• _WORK TASK_
Repeat, exactly as written, the lines from the one with "- Click to log" to the final line of the listing, and keep every picture out.
====== SUPPLIED MATERIAL
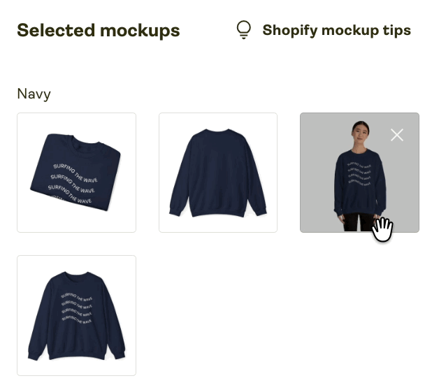 To select mockups for a product in the Mockup Library, simply click on the mockup image you want to include in the listing. The image in the first position will serve as the title mockup.
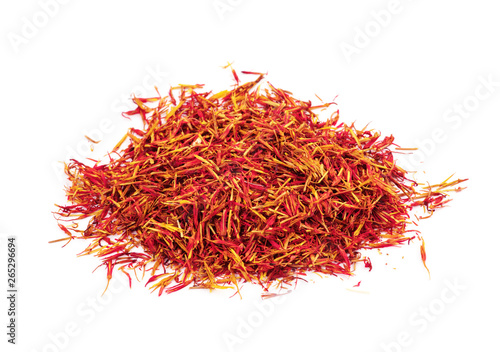 © nata777_7, Naklejka premium Dried saffron spice isolated on white background.
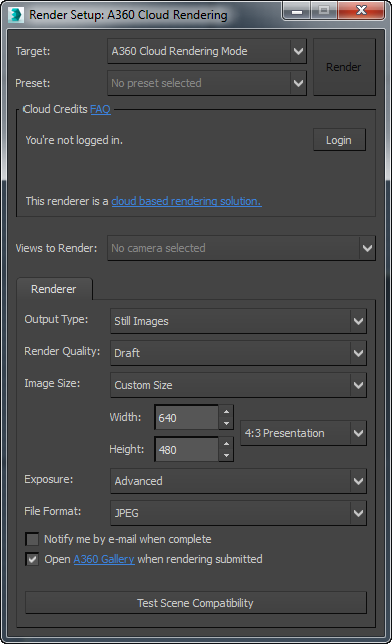 - Click to log in to the Autodesk Cloud. Once you are logged in, this panel shows your resources, estimated wait time, and links to the Autodesk Rendering interface.
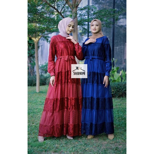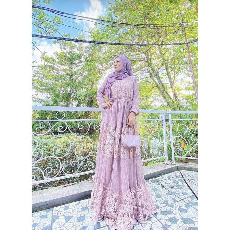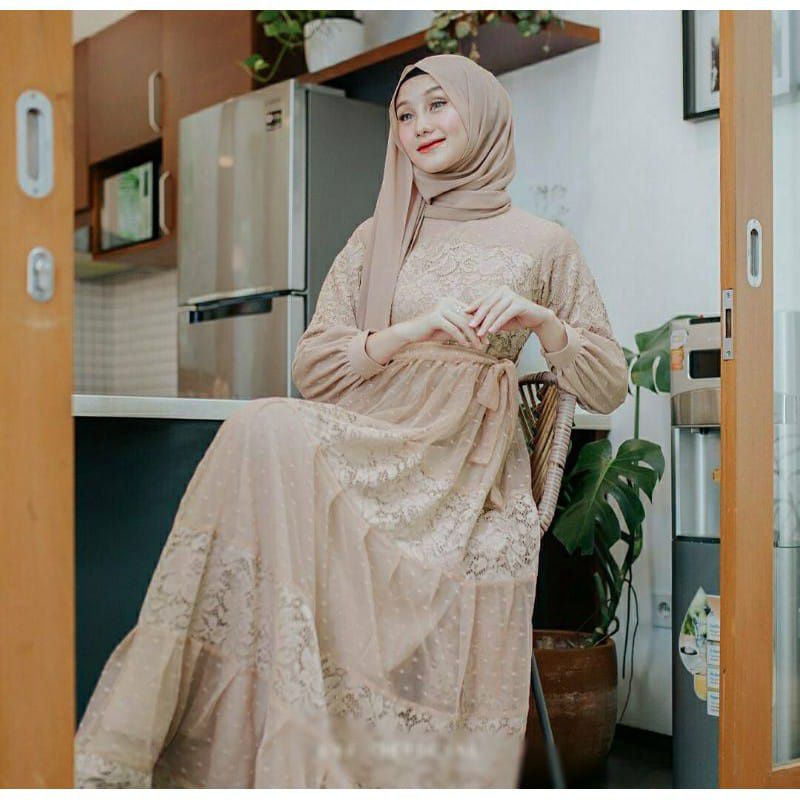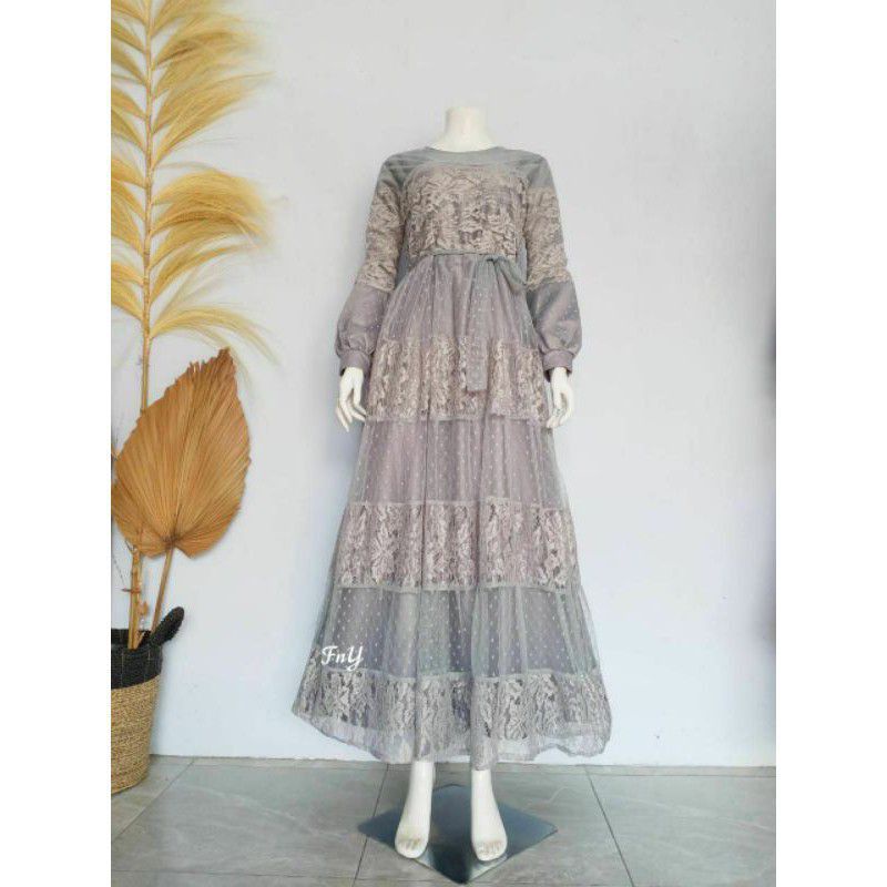 GAMIS BRUKAT KOMBINASI/GAMIS BROKAT BUSUI/Gamis Brukat Syari Glitter Nadhira Dress JUMBO Tulle Dotti
============
• _OUTPUT OF THE EXERCISE_
 - Click to log in to the Autodesk Cloud. Once you are logged in, this panel shows your resources, estimated wait time, and links to the Autodesk Rendering interface.
 GAMIS BRUKAT KOMBINASI/GAMIS BROKAT BUSUI/Gamis Brukat Syari Glitter Nadhira Dress JUMBO Tulle Dotti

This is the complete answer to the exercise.